Did you see this question?
>> I think in the case where the user has called reserve, itâs a little
>> problematic that insert may allocate anyway. That is, for many uses
>> there is
>> no infinitely growing sequence .
And this one? I'm still not sure we want to allocate on insert before
the buffer is full.
>> The right_ member can become larger than size if elects are added to the
>> right and removed from the left, not sure what to do about that.
>
> Yes, you're right. right_ becoming greater thatn size() can't happen
> under the ever-
> growing assumtion, but it certainly can in the real world.
minor remark: If one goes with this approach, I think the member should
be left_ so as to not penalize normal push_back.

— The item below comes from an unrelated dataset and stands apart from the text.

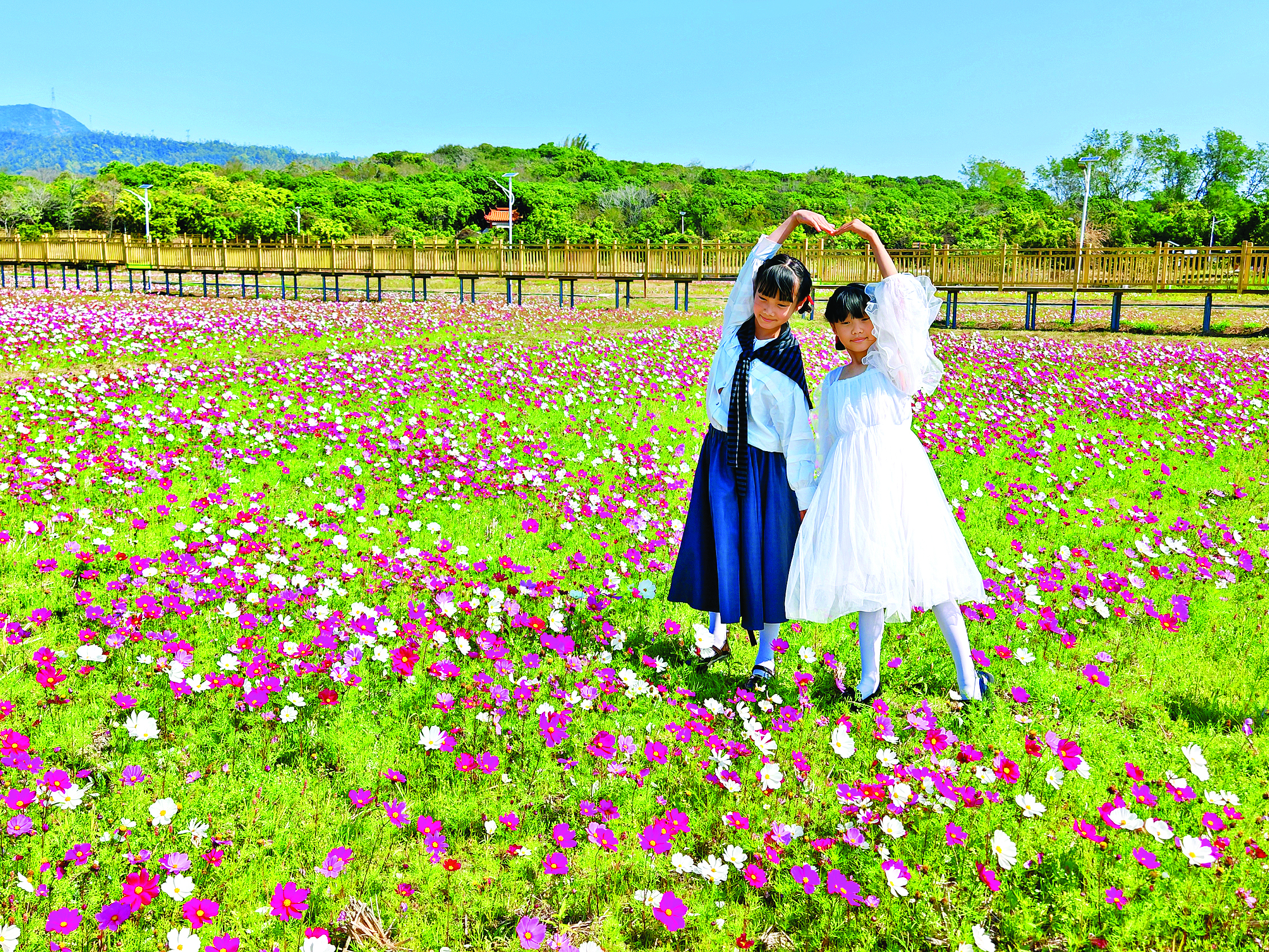 花浪起伏,已吸引不少市民來(lái)打卡。不少家庭結(jié)伴而行,沿著田埂悠然漫步,一邊欣賞美景,一邊閑話家常,享受著難得的親子時(shí)光。偶爾有騎行愛(ài)好者從田間村道穿梭而過(guò),為這片靜謐的花海增添了幾分動(dòng)感與活力!奥(tīng)說(shuō)這里的格桑花開(kāi)了,特意來(lái)拍照,我還帶了自拍桿。這里的風(fēng)景太美了,空氣也好,感覺(jué)整個(gè)人都放松了!”毛小姐在大亞灣工作,趁著公司放假特地來(lái)賞花。

> Let's slightly adjust the policy as follows. I think this copes with the
> ever-growing
> and fixed-size scenarios equally well. Let us remember that the goal
> when reserving
> new free space at both front and back is to make it so that both ends
> get exhausted
> at the same time --if they ever are.
> This has the effect that if no insertions happened at one end (more
> precisely,
> more erasures than insertions took place at that end) then the new
> reserved space
> for that end will be zero. Safe guards may be applied.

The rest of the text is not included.